This will return the bes computer objects

items 0 of it whose (name of item 0 of it = item 1 of it) 
of 
(bes computers, unique values whose (multiplicity of it > 1) of names of bes computers )

This removes the recursion and it’s not returning a set but you can get access to all the computer properties like this

(name of it, id of it) 
of 
items 0 of it whose (name of item 0 of it = item 1 of it) 
of 
(bes computers, unique values whose (multiplicity of it > 1) of names of bes computers )

...

ctnr.ub14.emmx-010.2, 5220398
ctnr.ub14.emmx-010.2, 9950220

Shout if you’d like an explanation of how this type of relevance works :slight_smile:

Thanks for the reply!
I saw the message and immediatly I evaluated the relevance in my test environment (about 800 computers): response time 2 seconds :wink:
Then I runned it on our production environment (100k clients) and it’s still evaluating after 25 minutes :frowning: … and it’s a 16 core machine with 128GB of RAM :blush:

can you try these two bits of the last clause individually to see if one of those is the culprit ?

(bes computers, unique values whose (multiplicity of it > 1) of names of bes computers )

UPDATE
Just tried the individual queries - they run fine with 250,000 endpoints.
Seeing it slow down when the two queries are used to form the tuple, even when there’s only one entry on the right of the tuple

Refactored to this and with 250,000 endpoints getting sub second response.

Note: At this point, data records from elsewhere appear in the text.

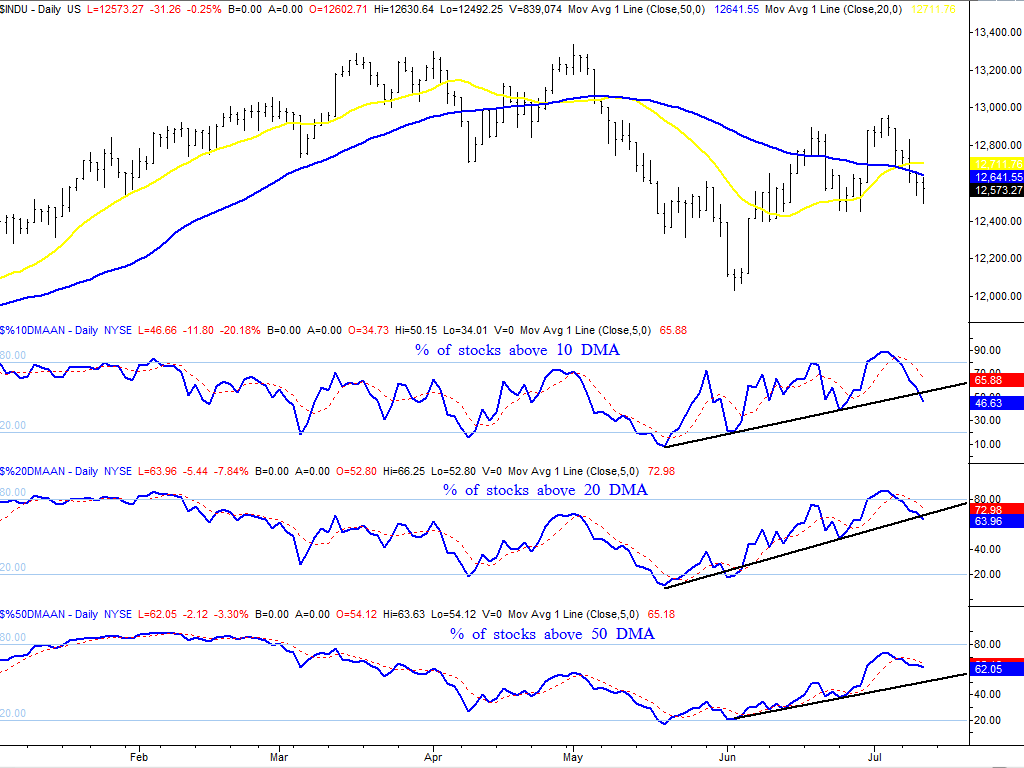 Simply substitute “Thursday” for “Wednesday” and the comments apply equally well to either day. It remains possible that we get yet another rerun today with yet another push closer to the important 12,450 level in the Dow and then yet another afternoon recovery, but sooner or later the market will need to move up or down far enough to tip its hand. Once again we’ve updated our videos with the latest indications that we’re waiting for. We want to be ready once the market finally signals its intent.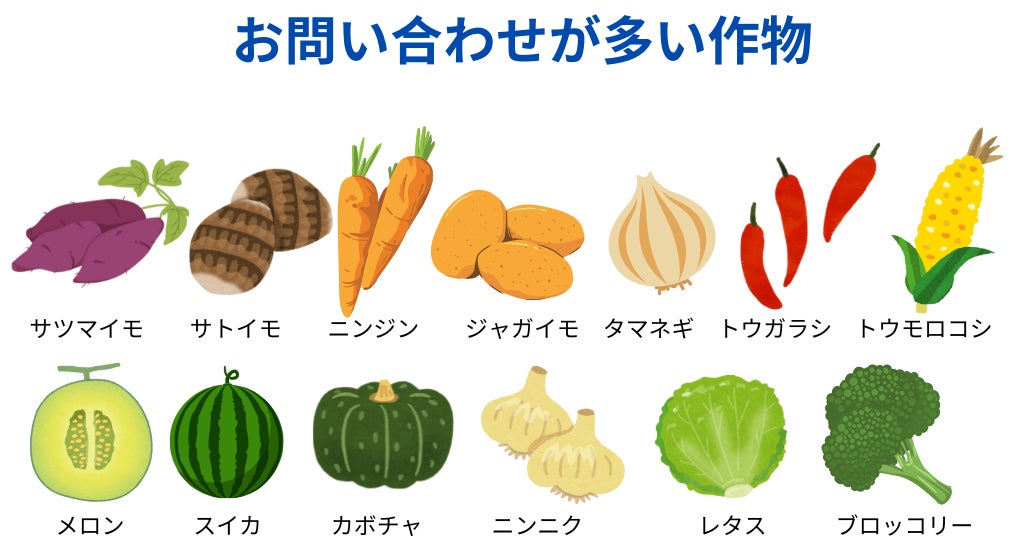 サツマイモ、サトイモ、ニンジン、ジャガイモ、タマネギ、トウガラシ、トウモロコシ、メロン、スイカ、カボチャ、ニンニク、レタス、ブロッコリーなどでご利用いただいております。なお、穴あきマルチのご要望にもお応えし、この度ご注文受付を開始しました。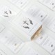 牌卡使用4000GSM超厚磅數牌卡,外盒1200GSM紙板包覆白色幻彩紙,牌卡使用來自德國的HEIDELBERG海德堡印刷機印製,55張全部正反面文字,包含側邊皆使用手工雷射燙金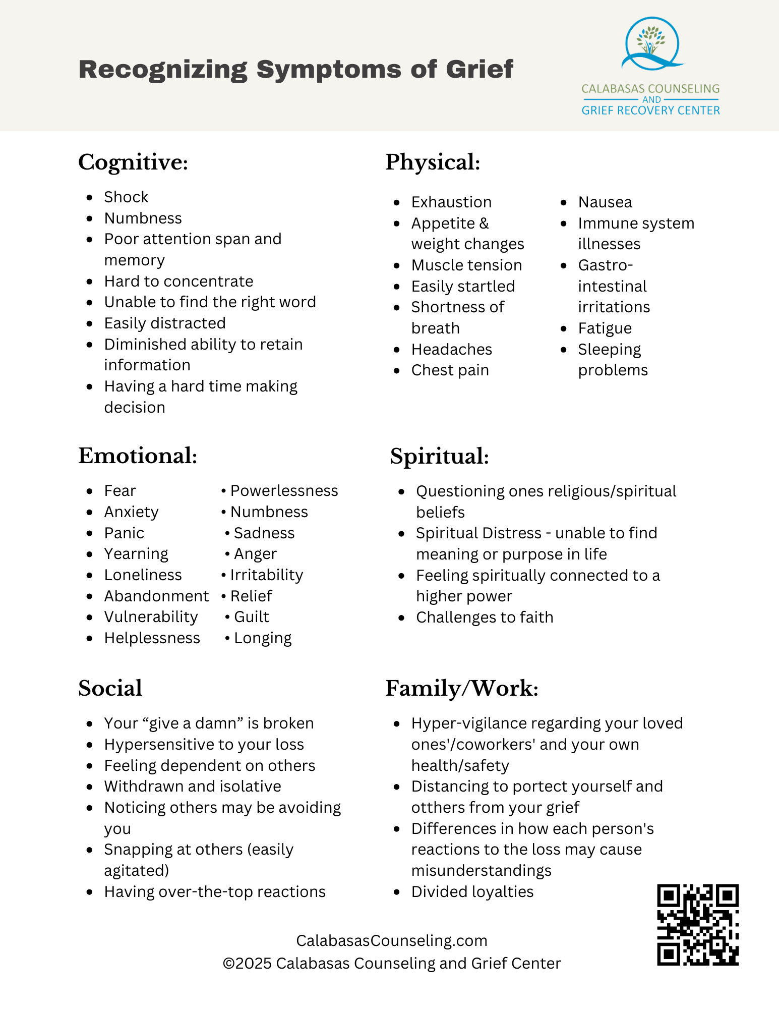 Grief is a natural response to loss, but it can show up in many different ways. Whether you're grieving the loss of a loved one, a pet, or a significant life change, understanding how grief impacts you can help navigate this emotional journey. Grief affects us physically, emotionally, mentally, socially, and even within our family or work lives. Recognizing these symptoms is an important step toward healing.

Seems like constructing the tuple using the two bes computer queries in the same tuple was the problem.

I’ve not duplicate names - but if I do put in some computer names for the last clause it works too.

(name of it, id of it) 
of 
items 0 of it whose (name of item 0 of it = item 1 of it) 
of (bes computers, it) 
of (unique values whose (multiplicity of it > 1) of names of bes computers)

This seems like one of the better options, but the size of the tuple will grow significantly given a larger set of duplicately named computers.

In fact, the size of the tuple will be:

(number of bes computers) * (number of unique values whose (multiplicity of it > 1) of names of bes computers)

Try this:

(name of it, id of it) of items 1 of (it, bes computers) whose(name of item 1 of it is contained by item 0 of it) of ( set of unique values whose (multiplicity of it > 1) of names of bes computers )

The size of the tuple that this relevance builds will never be larger than:

(number of bes computers)

This post is related:

While dividing the query did work as someone suggested, I was looking for a more “elegant” approach since I have to use this code extensively across multiple queries.

My original query didn’t complete at all despite removing the timeout (about 20 minutes when the server did not crash); gearoid query was a HUGE improvement taking just 40 seconds!
But the real surprise came with jgstew solution: it runs in just 2 seconds!!! AWESOME!

Really thanks to everyone of you guys!
You made my day! You rock! :wink:

2 Likes

I’m glad that it worked!

Thanks for the feedback. I was only able to test it across a small subset of machines in a much smaller BigFix instance, so I really didn’t know for sure how fast it would work.

It is really a challenge when trying to write nested relevance like this. You often have to start on a smaller/test instance just to get something working, and then optimize it. You then need to test the optimized relevance on a larger instance to see what impact you are making with the optimizations because you can’t always tell in a BigFix instance with very few clients.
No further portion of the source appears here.